As a developer, we have been asked about Unit testing during interviews. Typical answer is “yeah! i know how to write a unit test case but did not get a chance to implement it.”  what cliche! 🙂 .

Why Unit testing is important :  Apart from SDLC and following the best practices (from my experience nobody cares for unit test cases unless it is a established product). I still found one of the reasons why we may HAVE to perform unit testing for every application in future. Cloud Hosting is making news all around the world and looking at it’s cost benefits companies are trying their best to adopt it asap. With remote hosting comes lot of rules imposed by the vendor who is hosting your application and Unit testing is one of them. for example SFDC (sales force dot com) applications need at least 70% unit testing coverage of before they agree to host it on cloud.  So it’s about time we need to take unit testing seriously.

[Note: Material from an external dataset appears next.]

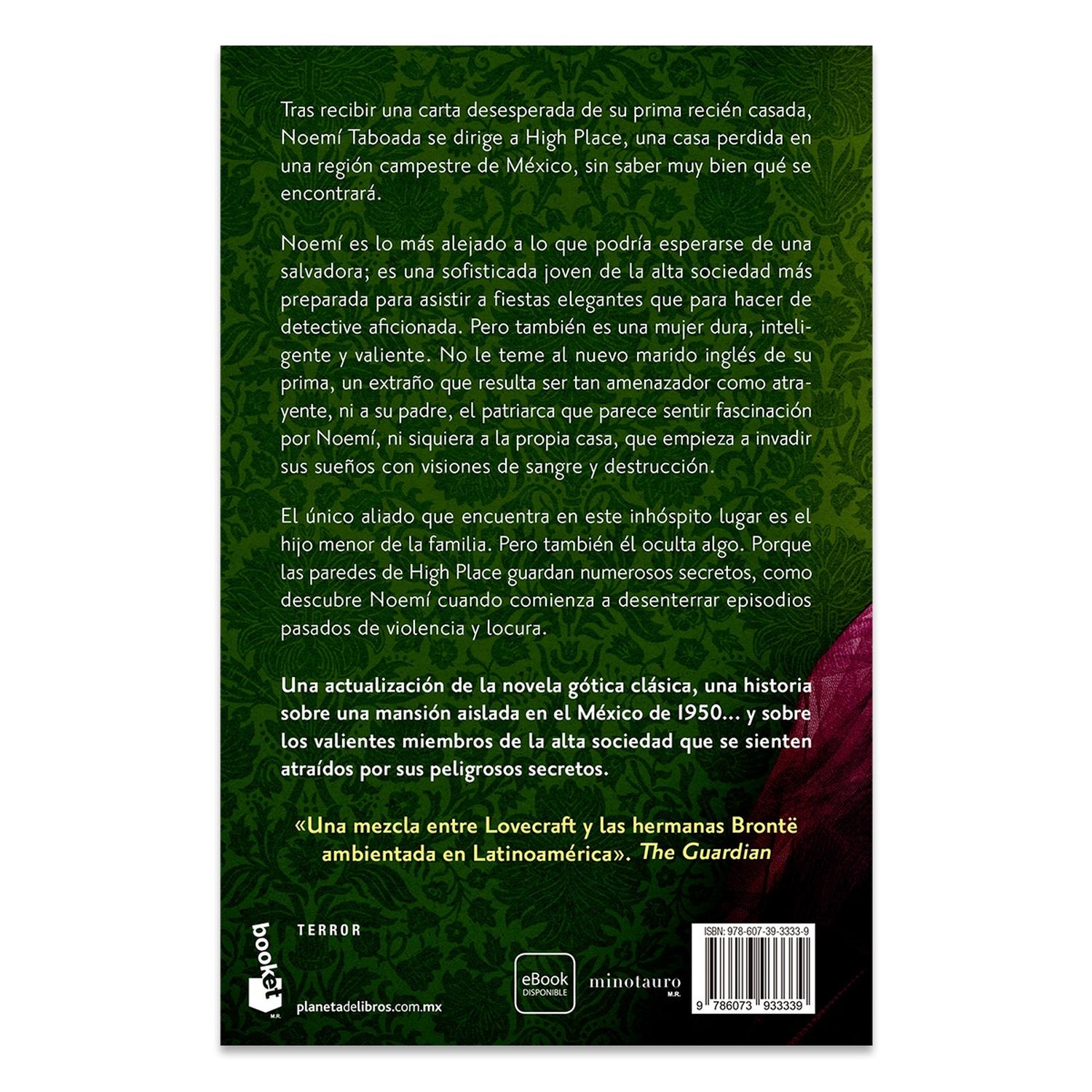 Descripción: Una novela terroríficamente brillante. Tras recibir una extraña carta de su prima recién casada, Noemí Taboada se dirige a High Place, una casa en el campo en México, sin saber qué encontrará allí. Noemí no parece tener dotes de salvadora: es glamurosa, más acostumbrada a asistir a cócteles que a las tareas de detective. Pero también es fuerte, inteligente y no tiene miedo: ni del nuevo marido de su prima, un inglés amenazante y seductor; ni de su padre, el antiguo patriarca que parece fascinado por Noemí; ni de la casa, que empieza a invadir los sueños de Noemí con visiones de sangre y fatalidad. El único amigo que Noemí encontrará es el hijo menor de la familia, quien también da la impresión de estar tapando secretos oscuros. Porque hay muchos secretos escondidos en las pareces de High Place, como descubrirá Noemí cuando empiece a desenterrar historias de violencia y locura. Cautivada por este mundo aterrador a la par que seductor, a Noemí le resultará difícil salvar a su prima... O incluso escapar de esa enigmática casa. Premio Goodreads a Mejor Novela de Terror 2020. Premio Locus a Mejor Novela de Terror 2021.

Good news for visual studio developers is that It’s really easy to implement unit testing in VS2010.  No plugins required for a test project.

Class Library : to unit test. I have a C# class library project. which has only one class  ProductRepository.cs. I am using entity framework to access database (makes life easy. right? :)).

</pre>
public class ProductRepository
 {
 public ProductRepository()
 {
 }
 private readonly static NorthwindEntities _db = new NorthwindEntities();

public static List<Product> GetAll()
 {
 return _db.Products.ToList();
 }

public static Product GetById(int productId)
 {
 return _db.Products.Where(p => p.ProductID == productId).SingleOrDefault();
 }
 }
<pre>

it has only two methods GetAll() and GetById(). You can change the implementation the way you need.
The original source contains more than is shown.